O que a avaliação em teste não captura
Todo sistema RAG parece funcionar em teste porque você testa com perguntas que têm respostas diretas nos seus documentos.
Em produção, os usuários perguntam de formas que você não antecipou. Eles perguntam sobre relações entre conceitos. Eles perguntam sobre exceções. Eles perguntam o que acontece quando dois cenários colidem.
Essas perguntas estressam a qualidade do contexto, não a qualidade da busca.
Eu levei mais tempo do que deveria para perceber que minha suíte de avaliação testava o retrieval e assumia que o contexto estava certo. A avaliação end-to-end com usuários reais revelou um tipo diferente de falha que nenhuma métrica de similaridade capturava.
Trade-offs que ninguém fala
Contexto estruturado tem custo.

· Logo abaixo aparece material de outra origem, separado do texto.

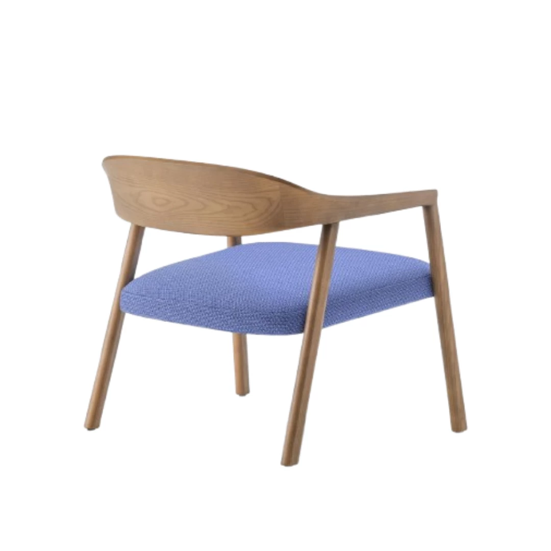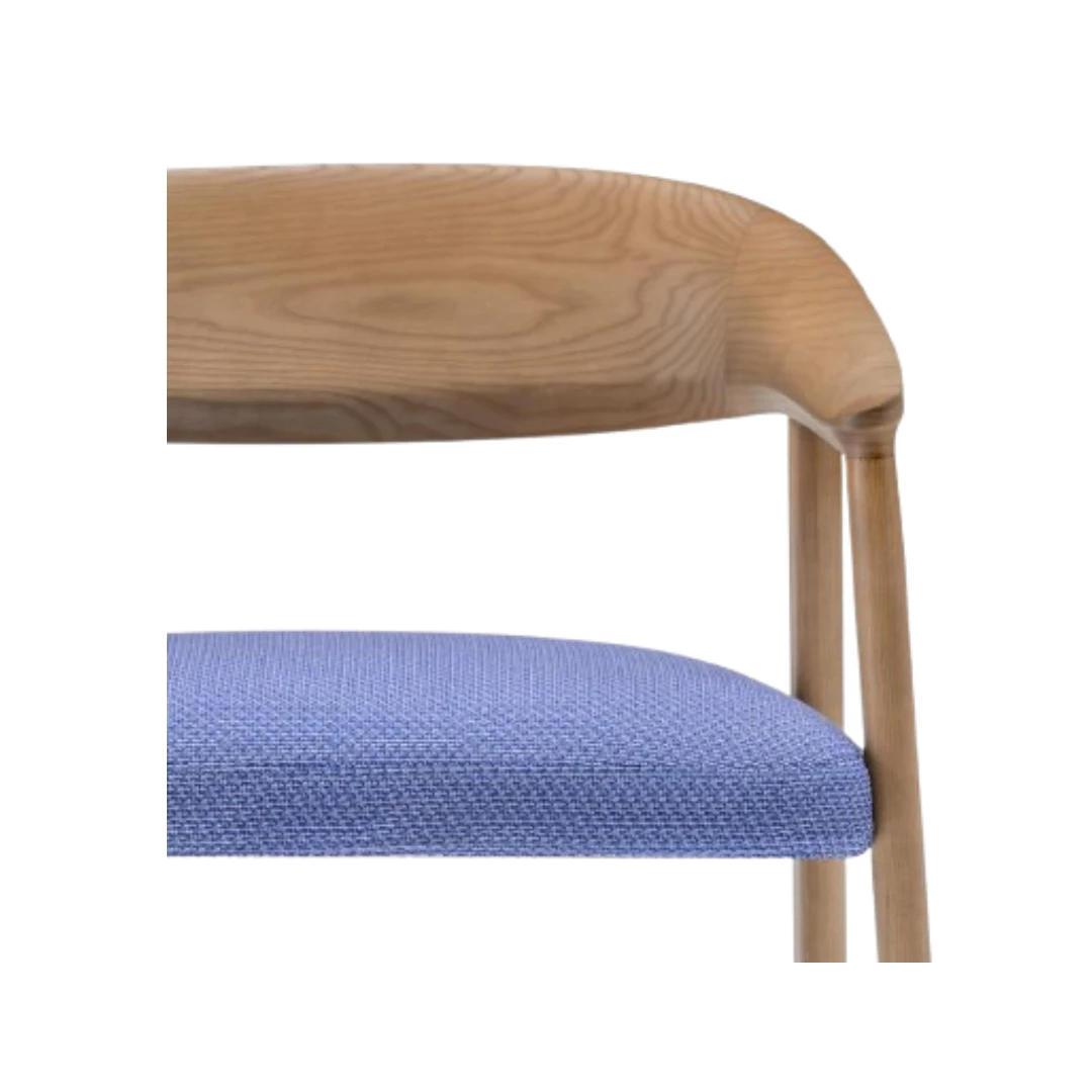Héra 2869 is an indoor lounge armchair in ash wood, featuring a sculptural wrap-around solid back that flows into rounded rectangular legs. Its seat, padded with flexible polyurethane foam and supported by elastic straps, offers lasting comfort—an elegant, durable choice for refined restaurant spaces.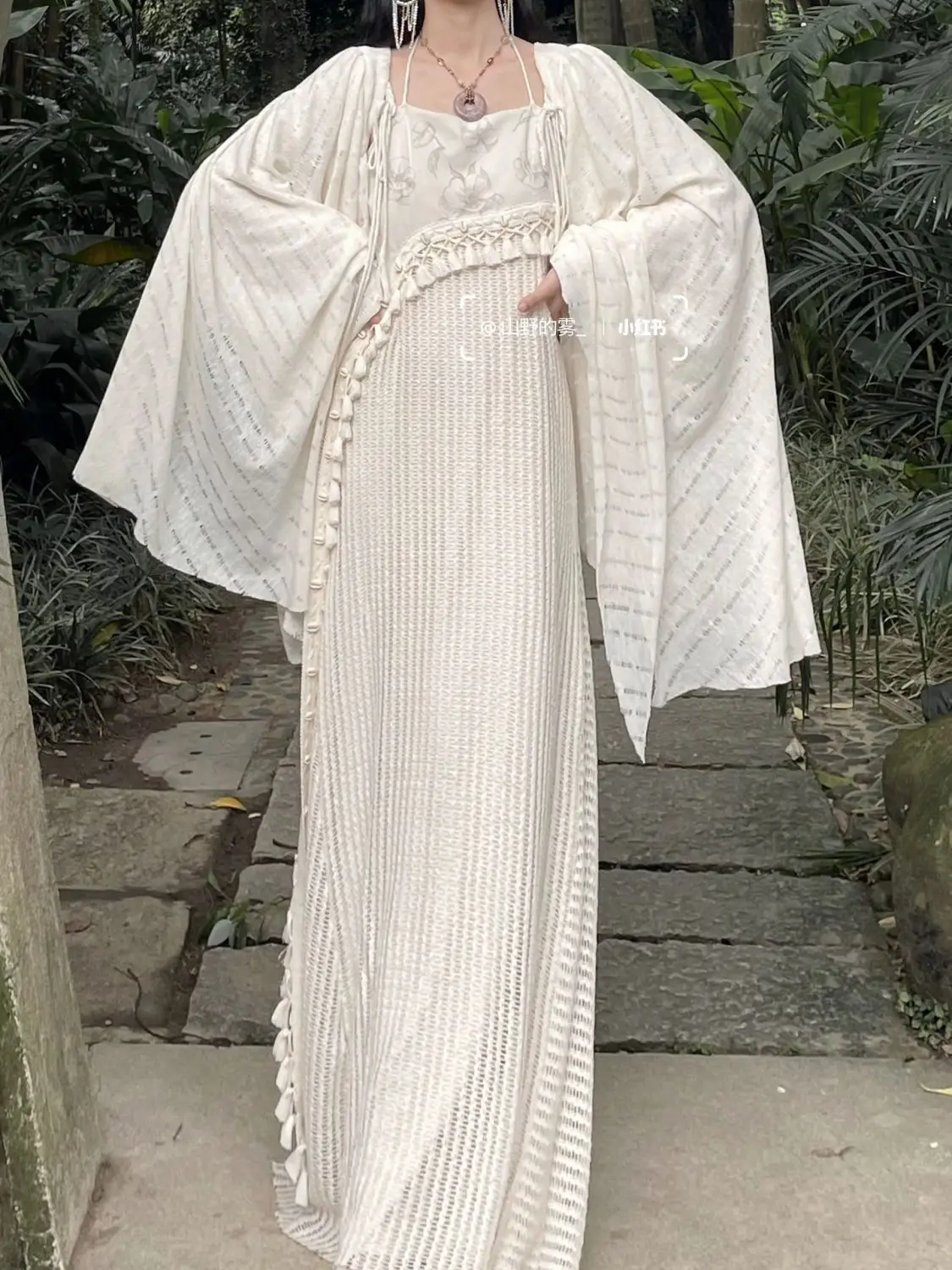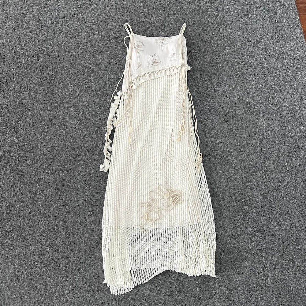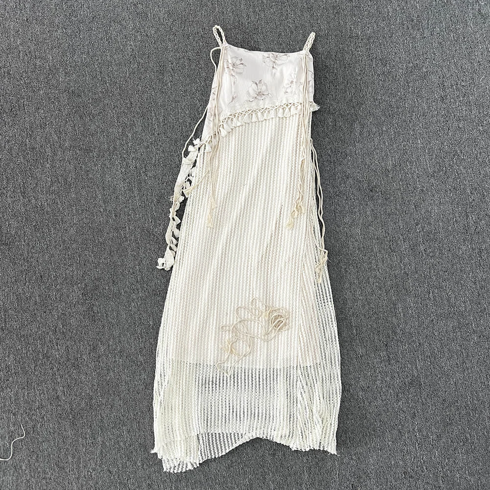 Chinese Style Knitted Spliced Suspender Dress Spring and Autumn Long Sleeve Coat Vintage Dress Set Two Piece Sets Women Outfits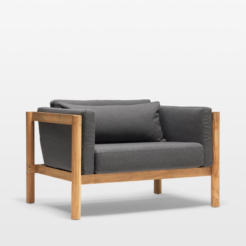 Angled at a slight recline, this deep-seated chair and a half invites you and a friend to kick back and enjoy the great outdoors. Boxy seat and back cushions upholstered in classic grey are curl-up comfy, while slim side bolsters add a soft layer for draping arms. Natural teak shapes the chunky, rounded frame complemented by a hand-stretched polyester rope back. Offering living-room looks with surprising durability, the oversized outdoor chair withstands the elements in weather-resistant teak and fast-drying foam cushions.

Mais tokens, mais latência, mais custo por requisição. Quando você começa a incluir metadados, contexto de janela e separação de fontes, o prompt cresce.
Existe um ponto onde adicionar contexto demais degrada a qualidade porque o modelo perde o fio dos chunks mais relevantes no meio do ruído. O problema não some, ele inverte.
A resposta que encontrei foi priorização ativa: em vez de passar os top-5 chunks sempre, passar os top-3 com contexto estruturado. Menos volume, mais clareza estrutural. Para o meu caso, foi a combinação que funcionou.
Não é a resposta universal. Depende do domínio, do tamanho dos documentos, do modelo.
O que eu faria diferente hoje
Começaria avaliando qualidade de contexto antes de qualidade de retrieval.
É mais fácil medir retrieval porque você tem métricas estabelecidas: precision@k, recall, MRR. Qualidade de contexto é mais difícil de medir e mais fácil de ignorar.
Mas é onde a maioria dos sistemas falha.
Retrieval perfeito com contexto mal montado produz respostas confiantes e erradas. Que é o pior tipo de falha num sistema que o usuário vai confiar.
O modelo não vai te avisar que o contexto está ambíguo. Ele vai responder mesmo assim.
Essa é a diferença entre um sistema RAG que funciona em demo e um que você confia em produção.